Would you retype the listing below word for word, without any of its pictures?

_DATA SECTION_
+++
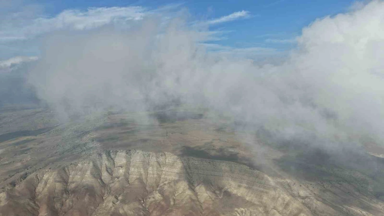 Çankırı’da etkili olan sis, güneşin doğuşuyla birlikte adeta görsel bir şölene dönüştü. Sis bulutlarının arasından yükselen güneş, beyaz örtüyle bütünleşerek büyüleyici bir atmosfer oluşturdu. Yaklaşık 500 metre yükseklikten şehri kaplayan sis bulutları havadan görüntülendi.
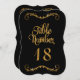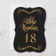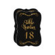 Elegante tipografía de escritura caligráfica en un fondo negro moderno pero atemporal con purpurina dorado con número de mesa de personalizable para una elegante recepción de boda formal u otro evento. El trabajo de desplazamiento superior e inferior se hizo a partir de los adornos de la impresora vintage ornamentada y terminó el diseño. Creado por la artista y diseñadora con licencia internacional, Audrey Jeanne Roberts, copyright.
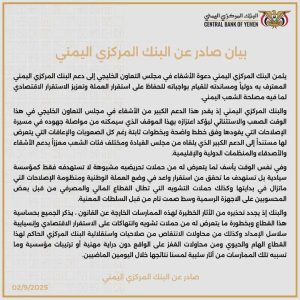 أصدر البنك المركزي اليمني، اليوم، بياناً ثمّن فيه دعوة الأشقاء في مجلس التعاون الخليجي إلى دعم البنك المركزي اليمني المعترف به دولياً ومساندته في أداء مهامه الهادفة إلى الحفاظ على استقرار العملة وتعزيز الوضع الاقتصادي بما يخدم مصلحة الشعب اليمني.
+++
_EXERCISE RESULT_
 Çankırı’da etkili olan sis, güneşin doğuşuyla birlikte adeta görsel bir şölene dönüştü. Sis bulutlarının arasından yükselen güneş, beyaz örtüyle bütünleşerek büyüleyici bir atmosfer oluşturdu. Yaklaşık 500 metre yükseklikten şehri kaplayan sis bulutları havadan görüntülendi.
 Elegante tipografía de escritura caligráfica en un fondo negro moderno pero atemporal con purpurina dorado con número de mesa de personalizable para una elegante recepción de boda formal u otro evento. El trabajo de desplazamiento superior e inferior se hizo a partir de los adornos de la impresora vintage ornamentada y terminó el diseño. Creado por la artista y diseñadora con licencia internacional, Audrey Jeanne Roberts, copyright.
 أصدر البنك المركزي اليمني، اليوم، بياناً ثمّن فيه دعوة الأشقاء في مجلس التعاون الخليجي إلى دعم البنك المركزي اليمني المعترف به دولياً ومساندته في أداء مهامه الهادفة إلى الحفاظ على استقرار العملة وتعزيز الوضع الاقتصادي بما يخدم مصلحة الشعب اليمني.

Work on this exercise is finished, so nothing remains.